Stark stared down the quivering barrel. ‘No.’
‘I’ll kill you.’
‘You’ll kill me anyway.’
‘Maybe I’ll let you live to tell my story.’
‘Great idea,’ scoffed Stark. ‘Shouldn’t take too long to tell the world what a loser you were right to the end.’
Kirsch thrust the pistol forward again. ‘You think you’re funny?’
‘I’m not the one standing there in surplus camouflage with guns you had to buy online; pretending to be a soldier when everyone knows you’re defective. Real men earn their ink,’ sneered Stark scornfully. ‘The Légion Étrangère threw you back like a minnow and that tornado on your arm might as well be a steaming turd. Soldiering, biker gangs, cage fighting, your gypsy mother, it’s all bullshit. The best thing I could say about you is that you’re a lousy fucking shot.’
Kirsch’s anger flared visibly. ‘Couldn’t catch me in the woods, though, could you, war hero? I know w
ho you are. Who’s the better soldier now, eh? Get up on your knees, war hero. It’s time to beg for my mercy.’
‘Mercy?’ Stark laughed bitterly, creaking up on to one knee. ‘You don’t have the heart.’
‘I’M ALL FUCKING HEART!’ Kirsch exploded, waving the gun like a lunatic. ‘I’m all fucking heart! And they took it! They crushed it and laughed! Pretending to care as they crushed and stamped and laughed behind my back!’
‘Oh boo-fucking-hoo!’ mocked Stark, disgusted. Bloke Rule One – no sympathy. But Simon wasn’t a man; he was an amoral, selfish child. Instead of taking his pain he’d pushed it on to others, inflicting exponential horror on strangers to eclipse his own humiliation. ‘Look at you. Headline for a day; the fetid arsehole with a gun and nothing to say. You’re pathetic. Just another snivelling shit failing to compensate for life without love. The only person who ever loved you was your mother, and only because that’s what mothers do.’ Stark was pushing every button he could think of. ‘And even she turned on you in the end.’

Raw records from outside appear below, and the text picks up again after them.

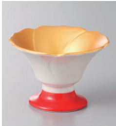
151-2-5H 2,900円 内金花型赤高台珍味 7.6×5.1cm
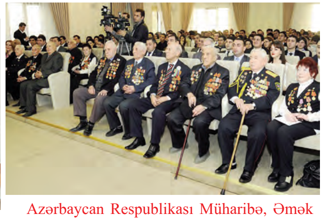
Azərbaycan Respublikası Müharibə, Əmək və Silahlı Qüvvələr Veteranları Təşkilatında Gənclər Birliyinin üzvləri ilə görüş

Baş redaktor Ülvi İBRAHİMLİ Məsul katib Səidə ABDULLAYEVA
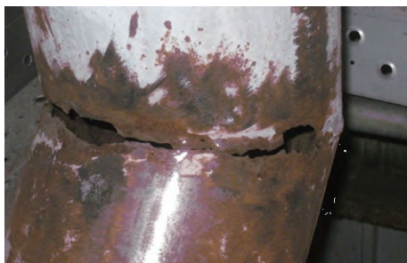
配管に穴が空いている…
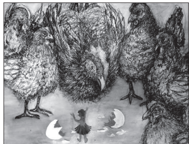
Рис. Арины Троицкой
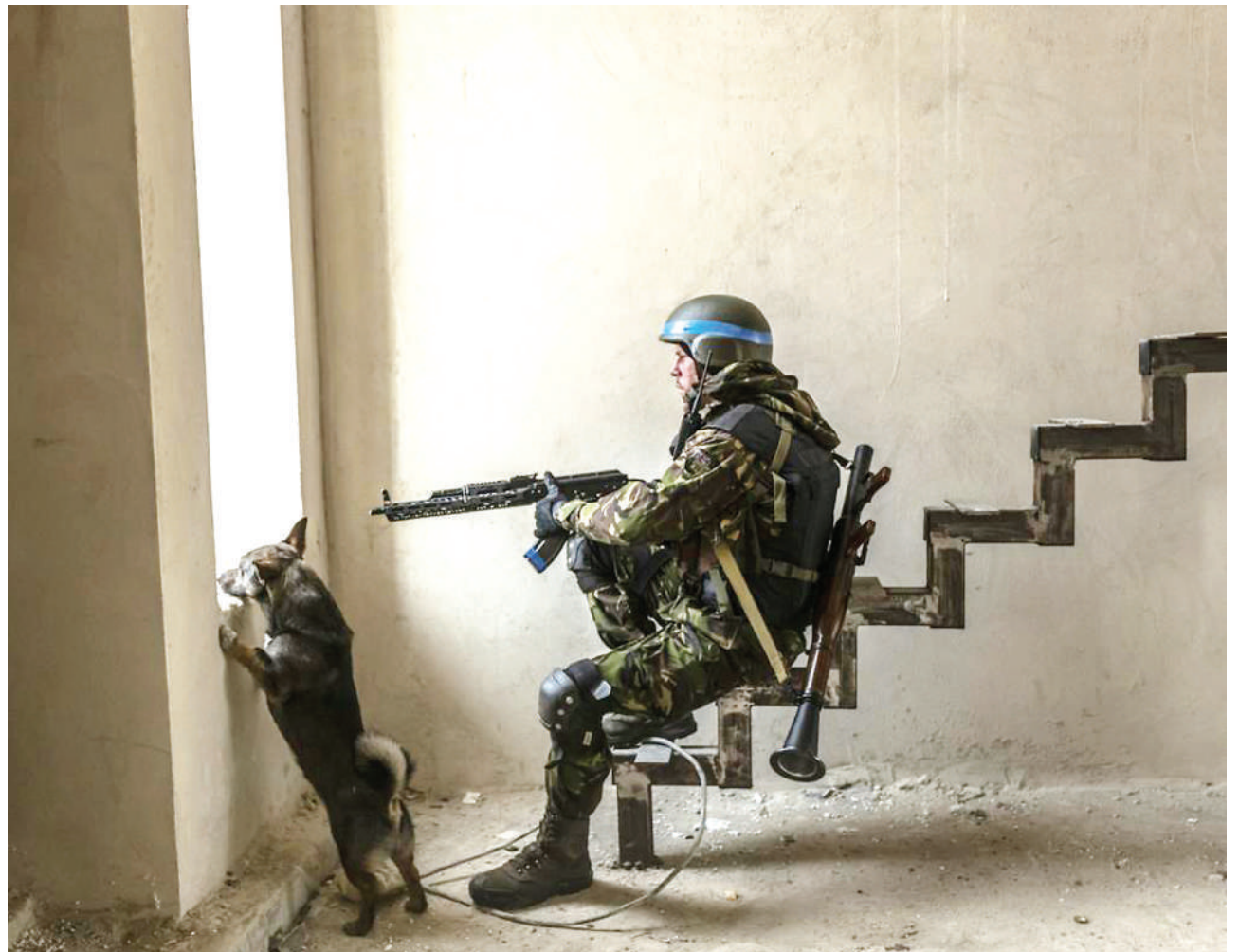
Mwanajeshi wa Ukraine akiwa na mbwa akiwa ndani ya nyumba iliyoteketezwa kwa mabomu wakati akipambana na vikosi vya Russia katika mji wa Irpin.
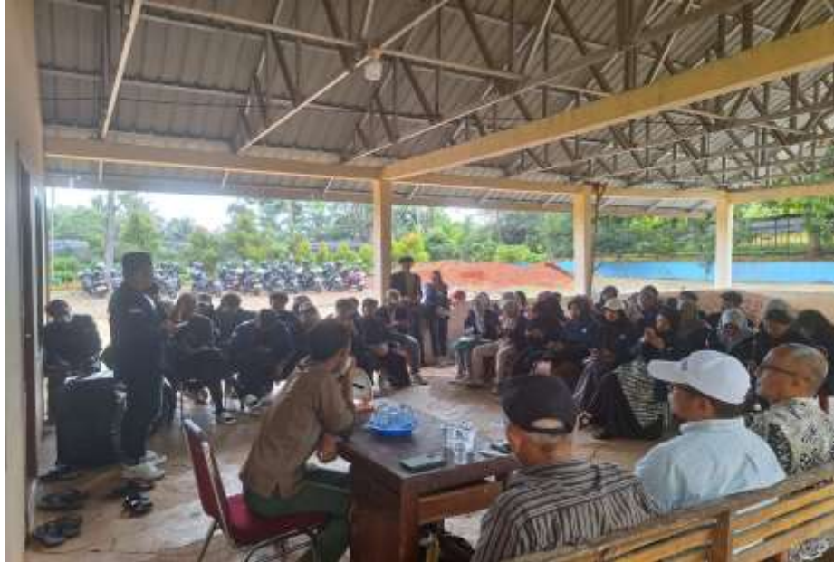
Gambar 1. Kunjungan ke pembibitan permanen TAHURA (penjelasan sebelum terjun keliling lahan)
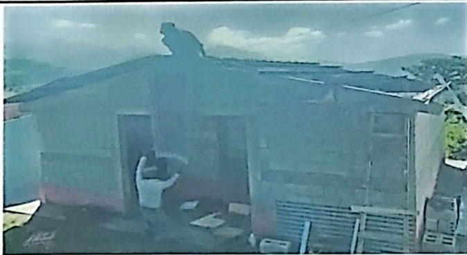
Módulo 2: Foto 1: Desinstalación de láminas del Servicio Sanitario.
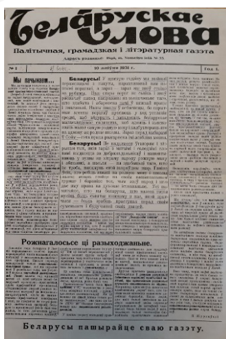
Fot. 13. Strona tytułowa gazety „Bielaruskaje słowa”, № 1/1931.
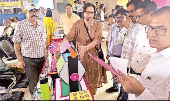
प्रदर्शनी में बच्चों की ओर से लगाये गये मॉडल देखते शिक्षक।

जिले के विभिन्न ब्लॉकों - पयागपुर, विशेषशरंगंज, हुजूरपुर, कैसरगंज, चितौरा, शिवपुर, महसी, रिसिया, जरवल और फखरपुर - के शिक्षकों और बच्चों ने उत्साहपूर्वक प्रतिभाग किया। कार्यक्रम में प्रत्येक ब्लॉक से 10-10 बच्चों और 3-3 शिक्षकों ने हिस्सा लिया, जिससे
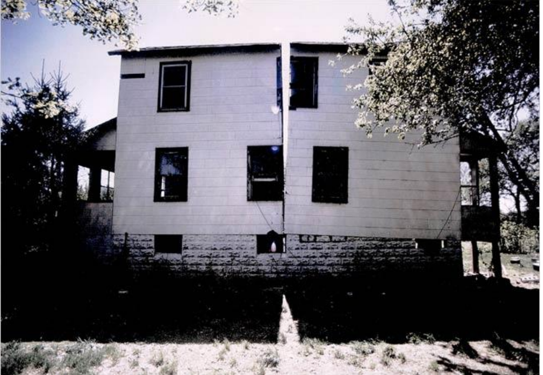
Resim 1: Splitting (1974)-Matta Clark
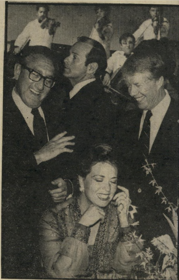
בוואשינגטון: קארטר, ג'יהאן וק'סינג'ר

גם אנוור אל-סאדאת לא היה איש-השנה של תשל"ט. גם מבין השלישיה המובילה בישראל לא יכול היה איש לזכות בתואר. איש-השנה תשל"ט, מנחם בגין, נראה בראשית השנה

‘Leave my mother out of it!’ Kirsch growled threateningly.
‘She knew you’d kill her for it. I saw it in her eyes. She knew that bullet was coming, but she was just too tired of being scared of you, too tired of hating you.’
‘I said shut up!’
‘You blew her brains out and left her cooling in the woods for the bugs and crows.’ Stark braced himself. ‘Right where you left Kimberly for the worms.’
With a guttural growl Kirsch took a stride forward, thrusting the oversized pistol in Stark’s face.
Stark jerked his head aside, reaching for the gun and twisting. His posture was all wrong for a disarm, he stood no chance of taking the gun, but he had the satisfaction of hearing a snap and Kirsch’s howl of pain.
Let’s see how good your rifle aim is with a broken trigger finger, arsehole, he thought with vicious triumph. Short-lived, of course. Victories, however small, always came at a price. Overbalanced on hands and knees, he was wide open.